§ What needs to be done: The task calls for an exact retyping of the lines from the one holding "中国台湾网1月23日昆明讯 1月22日下" through the end of the listing, with pictures omitted and nothing added.

§ Collected material:

..............................

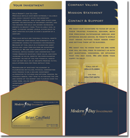 This client is typical of many who start a business on their own but need to look like a bigger, well established more successful business. The client worked for others offering investments in metals where he only earned a small commission. He came to us now he has decided to start his own business. When he speaks with clients he is only a voice on the telephone and needs to gain their trust. Consequently, if people have confidence in him then they are going to invest with him. The business card, website, brochure and letterhead help him to give his clients that confidence they are looking for. By looking like a bigger company this helps him to close the sale.
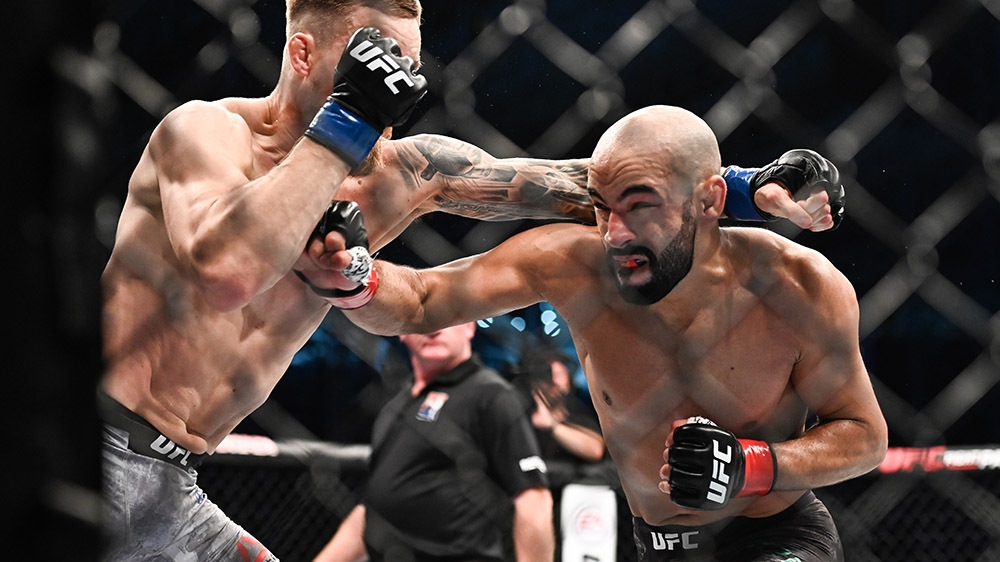 S’appuyant sur sa vitesse et sa grande puissance, Azaitar n’aura eu besoin que d’une minute et 33 secondes lors du premier round pour terrasser son adversaire après une parfaite combinaison de coups de poing.
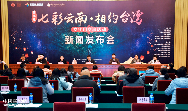 中国台湾网1月23日昆明讯 1月22日下午,云南省人民政府台湾事务办公室、云南省人民政府新闻办在昆明海埂会堂召开新闻发布会,第二届“七彩云南·相约台湾”文化月系列活动将于2月1日至18日在台湾举行,设有主题日、云南佛教艺术展、云茶联谊等系列活动六大版块内容,230场次活动。
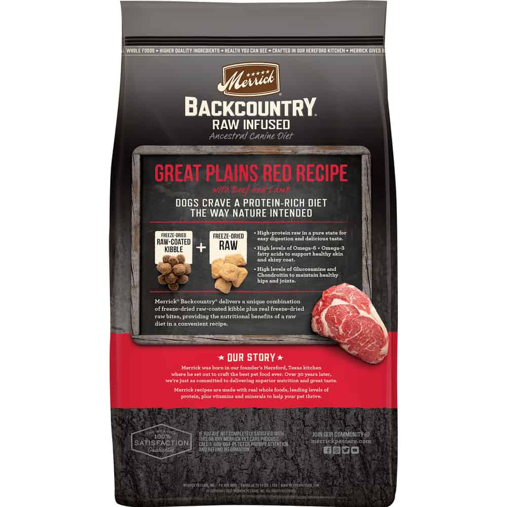 - Merrick Backcountry Raw Infused Grain Free Dog Food, Great Plains Red Recipe, Freeze Dried Dog Food

..............................

§ Task result:
 中国台湾网1月23日昆明讯 1月22日下午,云南省人民政府台湾事务办公室、云南省人民政府新闻办在昆明海埂会堂召开新闻发布会,第二届“七彩云南·相约台湾”文化月系列活动将于2月1日至18日在台湾举行,设有主题日、云南佛教艺术展、云茶联谊等系列活动六大版块内容,230场次活动。
 - Merrick Backcountry Raw Infused Grain Free Dog Food, Great Plains Red Recipe, Freeze Dried Dog Food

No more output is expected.